Some people, when confronted with a problem, think "I know, I'll use regular expressions." Now they have two problems.
Oh yeah they definitely have uses, but there's a real tendency for people to go a bit crazy with them. Complex regexen aren't exactly readable, there's all kinds of fun performance gotchas, there's sometimes other tools/algorithms that are more suitable for the task, and sometimes people try to use them to eg. parse HTML because they don't know that it is literally impossible to use regular expressions to parse languages that aren't regular
It's entirely possible to parse HTML in PCRE. You shouldn't, but it is possible. The language stopped being strictly regular a long time ago and is entirely capable of doing it.

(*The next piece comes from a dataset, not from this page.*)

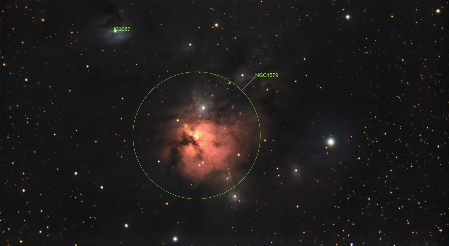 Hello, Image inédite pour moi, jamais faite encore, à savoir la Trifide du Nord. Réalisée avec le C8 en mode rapproché. NGC 1579, aussi appelé la Trifide du nord, est une nébuleuse diffuse située dans la constellation de Persée. Elle renferme une nébuleuse en émission et une nébuleuse par réflexion . Elle a été découverte par l'astronome germano-britannique William Herschel en 1788. Cette nébuleuse est illuminée par LkHα 101, une étoile rougeâtre massive dont la luminosité est supérieure à 8000 fois celle du Soleil. Cette étoile fait partie d'un jeune système binaire. On pense que ce système binaire est entouré d'une centaine d'étoiles moins massives et donc moins lumineuses. SCT Celestron C8 (203/2000) + réducteur Antares 0.63x + réducteur TS CCD47 0.67x focale @ 881mm f/d 4.3 Caméra QHYminicam8 mono Monture HEQ5 kit courroie Rowan Autoguidage via lunette guide 60/270, Asi290mm / PHD2 Acquisition NINA L= 449 x 30s R= 75 x 60s G= 71 x 60s B= 70 x 60s Mode Full Gain 82 offset 30 T° -10°C Pré-raitement Sirilic/Siril , Pixinsight. SetiAstroSuite Pro. Une brute de 30s filtre L:

Oh yeah, extensions which make them non-regular definitely can make it possible, but just because it's now somewhat possible with some regex engines doesn't mean it's a good idea
I've once written a JS decompiler (de-bundler?) using ~150 regex for step-wise transformations. Worked surprisingly well!
Well... No new ones, at least? Though it was around that time that I started hearing whispers in the night... "You can use WASM to ship Client-Side PHP"
it is literally impossible to use regular expressions to parse languages that aren’t regular
It’s impossible to parse the whole syntax tree, but that doesn’t mean you can’t get the subset you’re interested in.
I learned Regex once and now it just works. Only problem for me is using MacOS so the Regex flavors aren't consistent. But once I sort that, it's smooth sailing.
Regex feels distinctly eldritch to me. Like, a lot of computing knowledge feels like magic, but regex feels like the kind of magic you get by consorting with dark forces
regex feels like the kind of magic you get by consorting with dark forces
AKA reading the manual.
Named groups are nice but can I please define a group more than once because maybe I want to group my data and consolidate values in a logical way without you complaining I have already used a group previously. I know I did, I’m the one telling you, now capture it twice!
You can use backreferences \1 \2
etc. but you can also give them names explicitly.
it looks like this: (?<name>inner-regex)
Some flavors support it, kotlins doesn't apparently.